It’s nothing new to hear the phrase: The Middle East is in turmoil. Our generation has been hearing it ever since we began hearing the term Middle East. And we have heard: This time it’s serious! This time it’s for real! And we have learned to ignore such apocalyptic warnings.

But upon reading Thomas Friedman’s piece in The New York Times this past Sunday — summarizing Israel’s growing isolation, the Palestinians’ growing frustration and the United States’ growing irrelevance in the Middle East — many of us were left thinking “Maybe this time, it is for real.”

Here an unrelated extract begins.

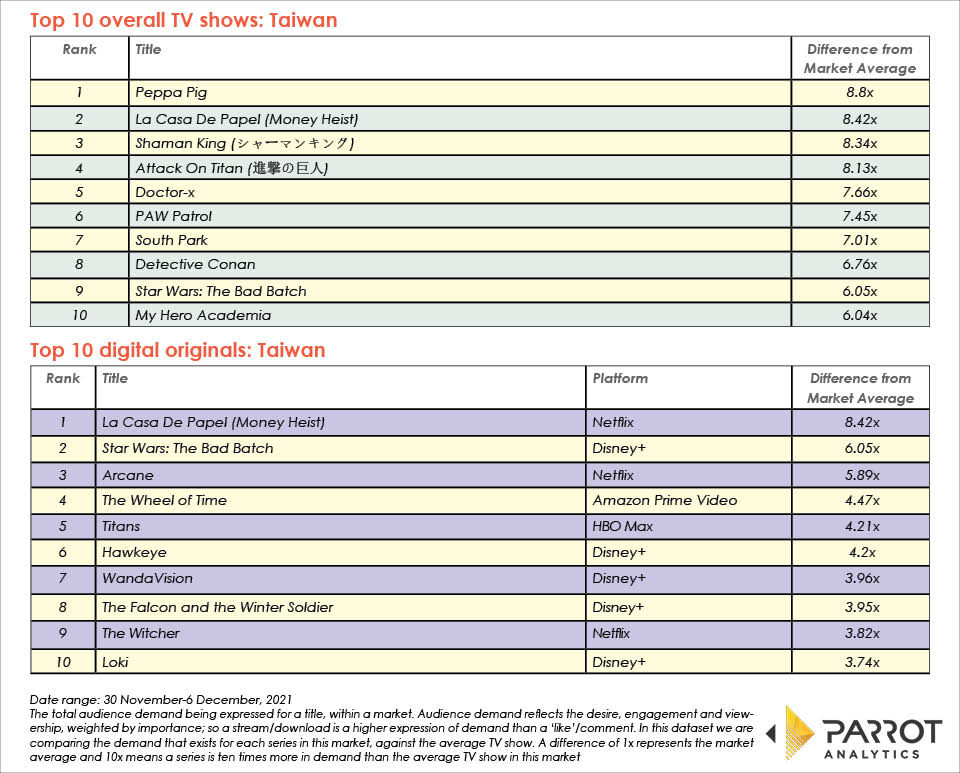 Hasbro’s "Peppa Pig" pushed Netflix’s Money Heist into second place in Taiwan for the week of 30 November to 6 December on an overall list that shows…

Tomorrow, Mahmoud Abbas, president of the Palestinian Authority, will go before the United Nations and submit a resolution declaring Palestine an internationally recognized independent state. Our entire lives we have worked tirelessly to witness the historic moment when a state of Palestine could finally be created, living side-by-side in peace and security with the state of Israel.

But this isn’t that time.

The morning after any vote at the U.N. — no matter the shape or scope — conditions on the ground will not have changed. Israel will still be in full control of most of the West Bank. Gaza will remain under blockade and in the control of Hamas. Israel will still be restricting the movement of Palestinians with checkpoints. Rockets will likely continue to fall on southern Israel. Israel will continue to build roads for Israeli citizens that crisscross through and surround Palestinian cities. Products will still be unable to leave the Gaza Strip. And Israel’s future — as a Jewish democratic homeland — will remain precarious. After any vote at the U.N., the resolution of the conflict will still require renewed diplomatic efforts, negotiations, American leadership and international support.

J Street — the pro-Israel, pro-peace lobby and the parent group to J Street UMich — evaluates any international action on the basis of whether it promotes peace, enhances security and improves conditions on the ground. This resolution unfortunately doesn’t do any of those things. For that reason, J Street supports the U.S. opposition to a Palestinian statehood bid.

But, unlike many in the Jewish community, we view the Palestinian approach to the U.N. as a legal and non-violent effort to achieve self-determination. Rather than respond to this approach in a proactive way, too many have tried to paint the Palestinians’ initiative as the latest evidence of the well-worn narrative that “we have no partner for peace.”

Throughout the United States the organized Jewish community has launched campaigns — including here on campus — that offer the language of peace but present the same story we’ve heard for years.

At a time when we must challenge both parties to come to the table, these campaigns place the entire blame on Palestinians. They fail to mention the unprecedented security cooperation between Israel and the very same Palestinian Authority. They fail to mention the consistent expansion of Israel’s settlement enterprise.

Placing the blame solely on the Palestinians is unhelpful and destructive for two reasons: First, it undermines our true partners for peace: Chairman of the Palestine Liberation Organization Mahmoud Abbas and Palestinian Authority President Salaam Fayyad. Israelis, Palestinians and the International community recognize — as we do — that the Palestinian leadership today presents Israel with the greatest opportunity for peace in nearly two decades. And, rather than trying to support them, many in the American-Jewish community and Congress are pushing to cut all funding to the Palestinian Authority. J Street and J Street UMich are vehemently against such counter-productive measures, as shown by our ongoing campaign “Fund Peace,” through which we’re encouraging continued funding of the Palestinian Authority.

Second, these simplistic arguments that place blame on just one side are overused rhetoric that have, for far too long, proven problematic for many students — Jewish and non-Jewish — and alienated many from engaging with an issue and place that is of such importance. We must use this as an opportunity to demand nuance to the conversation. We can start by openly challenging those in Congress who are demanding counter-productive cuts in aid to the Palestinian Authority.

When students are presented with the opportunity to act in a way that truly reflects their values and treats them as intellectually serious citizens, they will respond. Now is the time to prove it once more.

This viewpoint was written on behalf of J Street UMich by Yonah Lieberman. He is the current J Street UMich Chair.